Былые дни Сибири
Шрифт:
В надворном суде Гагарин посадил тоже своего человечка — коллежского ассесора Ивана Матвеича Милюкова-Старова; другие лица из приехавшей с ним свиты были назначены «мостовыми комиссарами», таможенными целовальниками и оценщиками пушной «казны» государевой, приносимой ясачными инородцами ежегодно в огромном количестве… Словом, всюду, где только пахло наживой, новый губернатор имел не только свои «глаза и уши», но также и «руки», готовые по первому знаку отобрать все лучшее и принести «хозяину» в надежде и на свой пай получить малую толику
А затем все пошло по-старому.
Каждое утро принимал доклады и жалобы губернатор, разбирал «столпцы» и листовые бумаги, присланные из Москвы, Петербурга и сибирских городов, надписывал резолюции, диктовал ответы на более важные «номера», пришедшие из Сибирского Приказа или от царя. И большая, давно налаженная, приказно-канцелярская машина мощно поворачивала свои старые, поржавелые колеса, между которыми вставлены были только кое-где новые цевки и колесики в виде «новых», наезжих из России, людей. Но последние скоро пропитывались тем же старым духом сибирских Приказов, каким отличались и старожилы-дельцы.
— Грабь, но осторожно. Наживайся, да поживей!
Эту премудрость быстро постигали «новенькие» и легко сдружались с заматерелыми сибирскими лихоимцами и вымогателями, которые любовно вели новичков по старым, верным путям стяжания и беззакония, доходящего до наглости.
А Гагарин, видя, что сразу почище на вид стало в Приказах, что идут исправнее доходы в царскую казну, которую он рискнул взять на откуп дорогой ценою, потирал руки от удовольствия.
— Что там четыреста тысяч, мною обещанные!.. Вдвое возьму в первый же год, судя по началу! — думал жадный богач. — Только построже надо быть с этими душегубами! Пусть знают, что нельзя себе все грабить, надо и в казну хоть половину отдать!..

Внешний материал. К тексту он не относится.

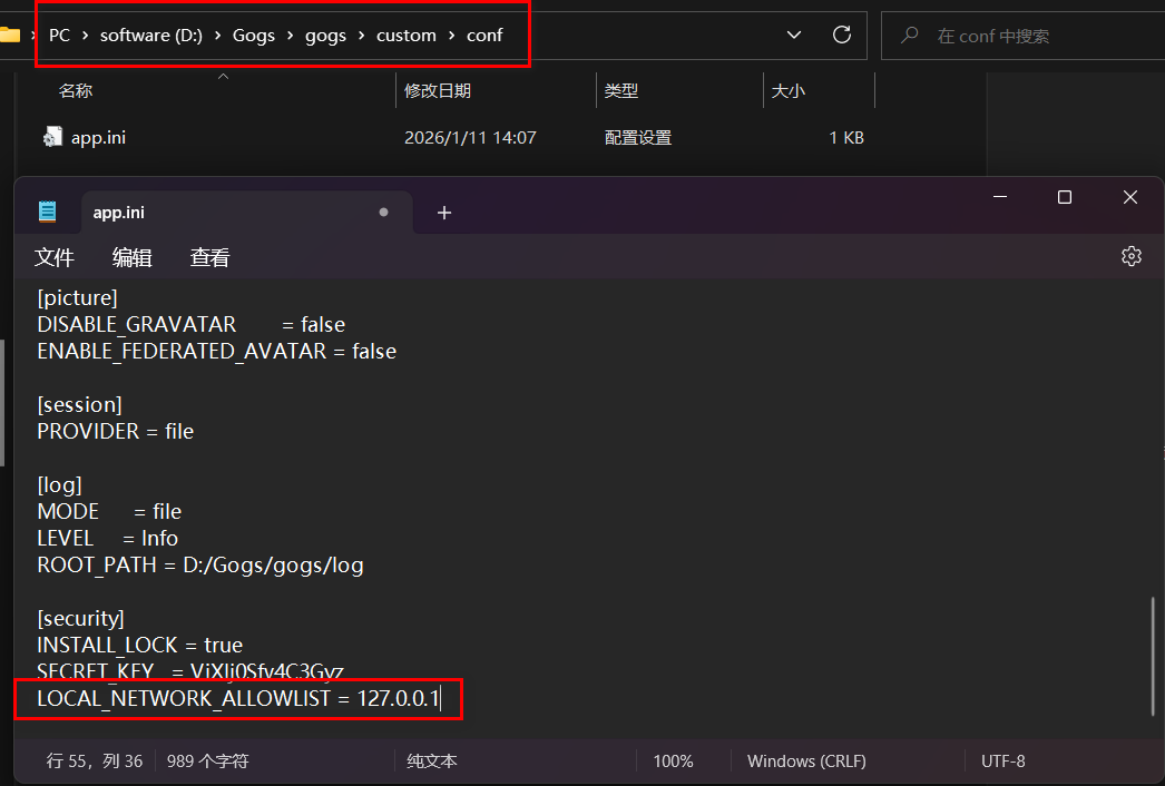 app.ini最后添加:LOCAL_NETWORK_ALLOWLIST = 127.0.0.1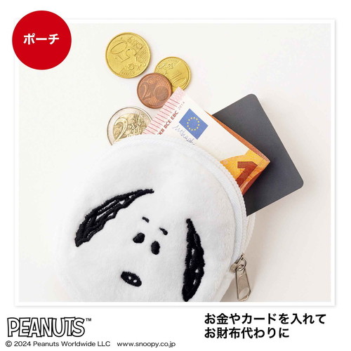 InRed4月号の付録に、スヌーピーの普段使いしやすいエコバッグと、スヌーピーの顔が刺しゅうされたふわふわチャームポーチが登場しました。チャームポーチにエコバッグをたたんで収納し、付属のカラビナで引っ掛けて持ち運ぶことができます。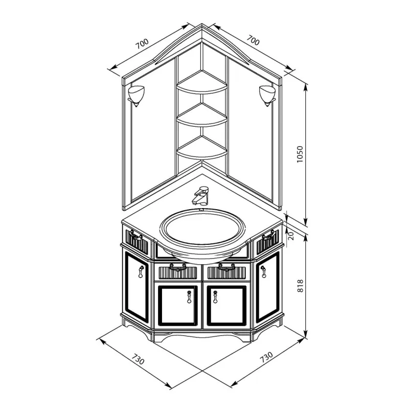 Угловое зеркало для ванной из комплекта мебели Акванет Луис выполнено в том же стиле, что и весь набор. Благодаря угловому расположению, такая модель помогает экономить пространство и эффективно использовать традиционно мало задействованные зоны. Зеркало можно укомплектовать двумя элегантными бра, заказав их дополнительно, и создать тем самым мягкое рассеянное освещение. ВНИМАНИЕ! Светильники в стоимость зеркала не входят. Их необходимо выбрать из числа рекомендованных для этой модели. Представленная на фото модель снята с продажи. Поэтому при заказе зеркала со светильниками отметьте понравившуюся модель в окне выбора, располагающемся под описанием. Для установки светильников на зеркале предусмотрены отверстия. При заказе зеркала без светильников изделие будет выполняться на заказ, и срок его изготовления составит 2-4 недели.

И сурово, хмуро глядел на окружающих Гагарин, хотя в душе был очень доволен хорошим началом своего правления, своим мудрым поведением с первых шагов в трудной роли почти неограниченного повелителя этой необъятной, богатой и полудикой страны. Со своими, со служилыми и приказными, он был донельзя требователен и строг. С военными держался ласково, почти за панибрата. А с торговым людом и простыми горожанами до черни включительно обращался совсем как добрый царек, повелитель безграничный, но милостивый.
Хлопот и забот немало выпало на долю нового «сибирского царька», особенно в первые дни, когда надо было оглядеться внимательно и ввести целый ряд перемен в систему управления, хотя бы эти перемены касались только личного состава, оставляя все прочее в покое ненарушимо.
Но и среди общей сумятицы и лихорадочной деятельности своей в эти дни Гагарин часто вспоминал о доносе Нестерова, об есауле Ваське Многогрешном и таинственном, заклятом рубине сказочной цены…
Нестеров не показывался. Он в первый же день прибытия Гагарина в Тобольск отправился снова на разведки в Салдинскую слободу, чтобы точно вызнать, как лучше захватить Ваську-вора и его кладь.
И только вечером на третьи сутки появился приказный в опочивальне Гагарина, куда велел впустить его князь, как только явился Келецкий и доложил о приходе добровольного сыщика.
— Ну что, Петрович? Как наши дела, сказывай! — ласково обратился князь к нему, едва приказный появился на пороге, следуя за Келецким.
— Слава Господу Богу, все ладно, милостивец, ваше светлое сиятельство! Зайчик не выскочит из наших рук, живьем возьмем и с потрохами! Только поспешать надоть. Нонче же ночью людей снарядить! Я все вызнал. Сказать ли?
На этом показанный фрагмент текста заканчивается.